This is very similar to example 2 here; http://web.hep.uiuc.edu/home/serrede/P435/Lecture_Notes/P435_Lect_06.pdf
Homework Equations
Gauss's Law in differential from; [itex]\rho=\epsilon_0(\nabla \cdot E)[/itex].
The electric field in terms of potential; [itex]E=-\nabla V[/itex]
Potential for a point charge; [itex] V=\frac{1}{4\pi\epsilon_0}\frac{q}{|\vec{r}|} [/itex]
The Attempt at a Solution
First I found the potential and obtained the same result as in the provided link, that is; [tex]
V(r,\theta)=\frac{q}{4\pi\epsilon_0}\left [ \frac{1}{\sqrt{d^2+r^2-2drcos(\theta)})}-\frac{R}{d\sqrt{(R^2/d^2)+r^2-2(R^2/d)rcos(\theta)}} \right ] [/tex].
Using an image charge of magnitude [itex]-\frac{R}{a}q[/itex] located at [itex]\frac{R^2}{d}[/itex]
Next I try to find the electric field via; [tex]E=-\nabla V=\left ( -\frac{\partial V}{\partial r},-\frac{1}{r}\frac{\partial V}{\partial \theta} \right )[/tex]
This is where things start to get really messy (the derivatives are simple so i won't type them out, they're just really messy).

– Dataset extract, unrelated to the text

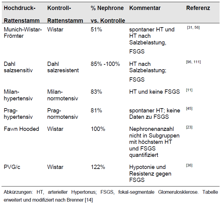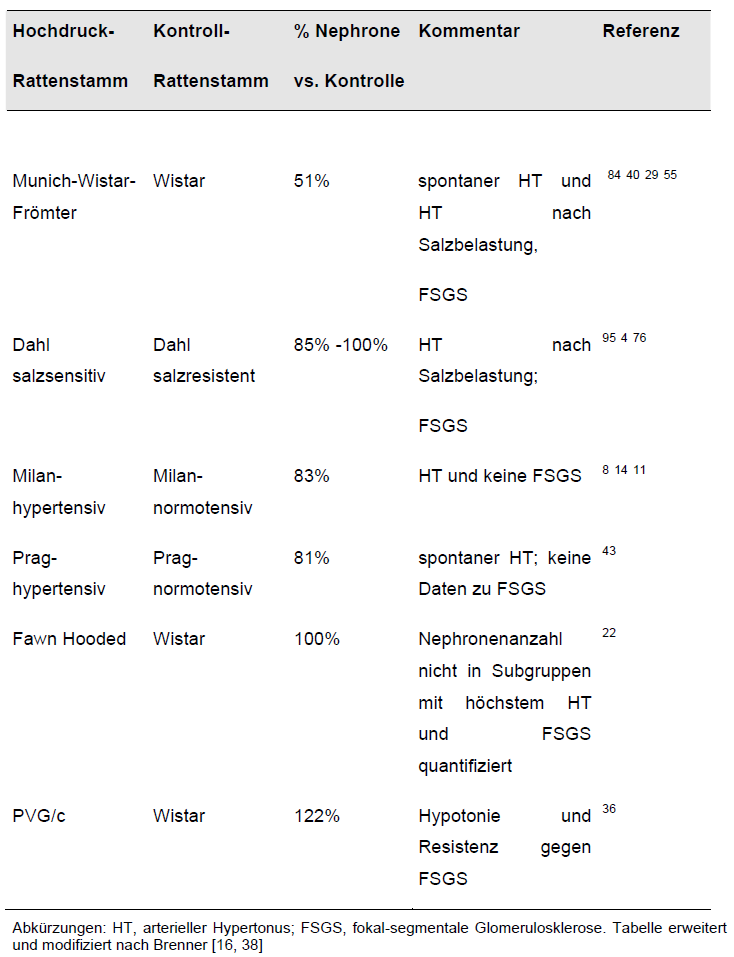 Tabelle 2 : Nephronenanzahl, arterieller Hypertonus und progredientes Nierenversagen in verschieden hypertensiven Rattenstämmen

Also, this is in spherical coordinates.
Finally, I use this to find the charge density via Gauss's Law. Applied to the above, this yields;
[tex]
\rho=\epsilon_0\frac{1}{r^2}\frac{\partial}{\partial r}\left ( -r^2\frac{\partial V}{\partial r} \right )+\epsilon_0\frac{1}{rsin(\theta)}\frac{\partial}{\partial \theta}\left ( \frac{-sin(\theta)}{r}\frac{\partial V}{\partial \theta} \right )
[/tex]
And then evaluate this at [itex]r=R[/itex] to find the charge density on the sphere.
This expression ends up being incredibly nasty. As I also have to find the total induced charge I would then need to integrate this expression over the sphere. By rights this should give an induced charge of [itex]-q[/itex]. However, I have no idea how to uintegrate what I obtain, and Mathematica gives a different answer (which happens to be in terms of elliptic integrals).
So, my question has three parts. Firstly, is my reasoning/understanding in the above correct?
Secondly, in the provided link they claim that the charge density is simply given by; [tex]\rho=-\epsilon_0\frac{\partial V}{\partial r}[/tex]
Evaluated at the radius of the sphere. I have no idea how this is derived (I've seen it used a fair bit while searching around, but I don't understand how it is derived or where it is applicable).
Finally, can anybody point me in the right direction?
Thanks in advance for any help!